__Data below__.
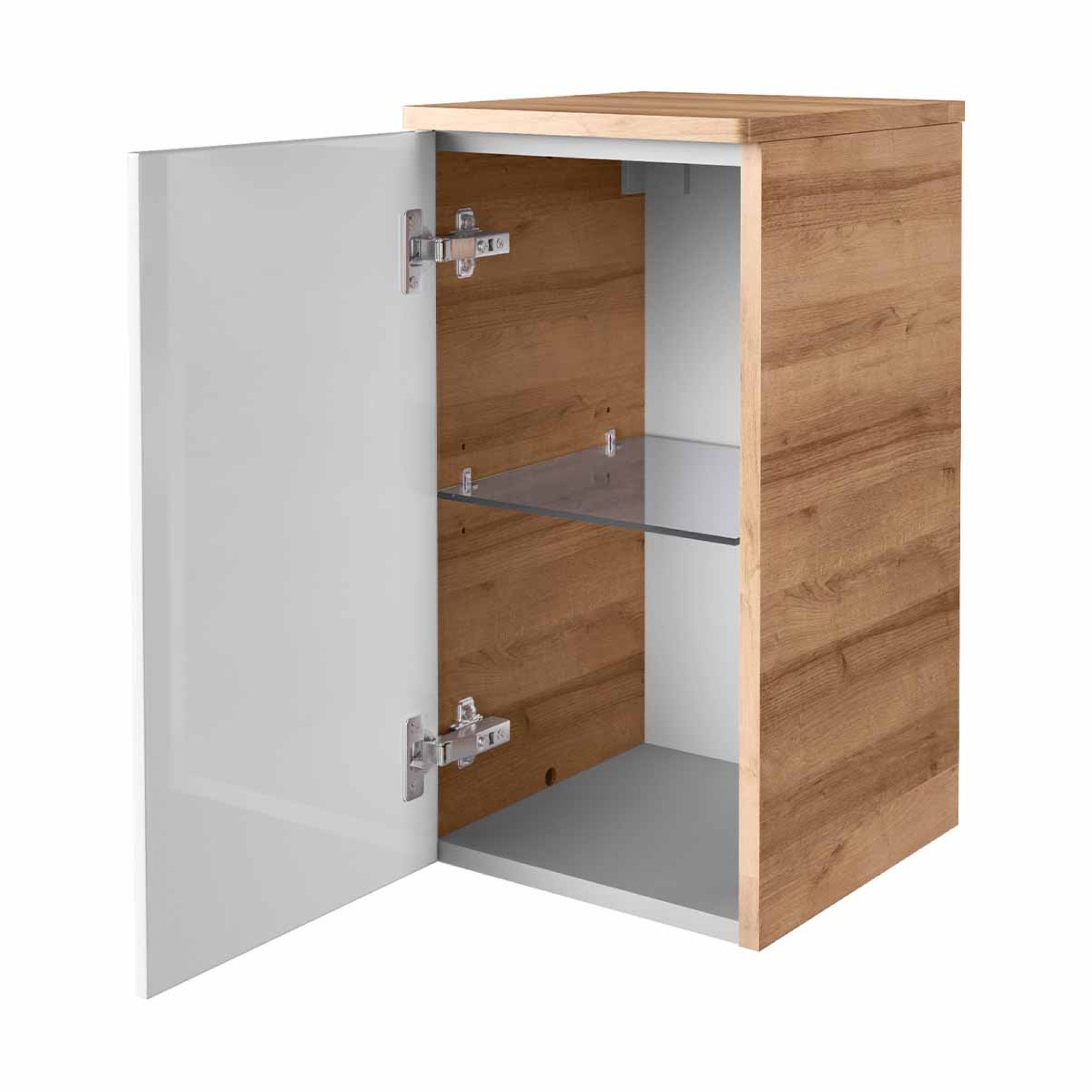 - Ausstattung: 1 Tür, 1 Glaseinlegeboden
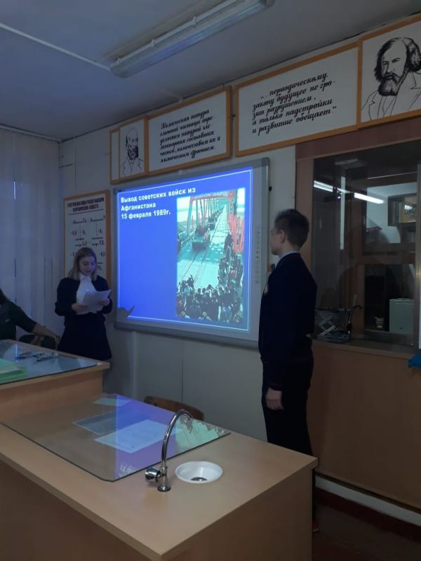 Ақпан айының 17-ші жұлдызында №5 ЖББОМ-те 8Б сыныбында "Кеңес әскерлерінің Ауған жерінен шығару күніне" арналған сынып сағаты өтті.
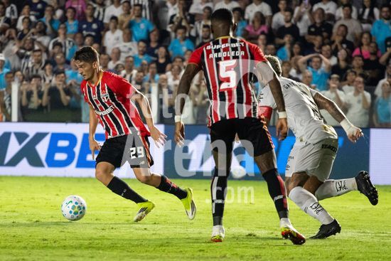 2879430 Alan Franco durante a partida entre Santos e São Paulo, válida pela 2ª rodada do Brasileirão, realizada na noite desta quarta-feira (04) no Estádio Urbano Caldeira, a Vila Belmiro em Santos, SP.
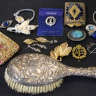 A stained blue gem set brooch of Scandinavian style, six further brooches and pins, a lady's bracelet wristwatch, a bangle, three pairs of earrings, an ATS cap badge, a silver mounted hairbrush with embossed decoration, Chester 1901, a small scent bottle and two further items.

__What needs to be done__. Return all the lines above exactly; none of the pictures should appear.

__Output below__.
 - Ausstattung: 1 Tür, 1 Glaseinlegeboden
 Ақпан айының 17-ші жұлдызында №5 ЖББОМ-те 8Б сыныбында "Кеңес әскерлерінің Ауған жерінен шығару күніне" арналған сынып сағаты өтті.
 2879430 Alan Franco durante a partida entre Santos e São Paulo, válida pela 2ª rodada do Brasileirão, realizada na noite desta quarta-feira (04) no Estádio Urbano Caldeira, a Vila Belmiro em Santos, SP.
 A stained blue gem set brooch of Scandinavian style, six further brooches and pins, a lady's bracelet wristwatch, a bangle, three pairs of earrings, an ATS cap badge, a silver mounted hairbrush with embossed decoration, Chester 1901, a small scent bottle and two further items.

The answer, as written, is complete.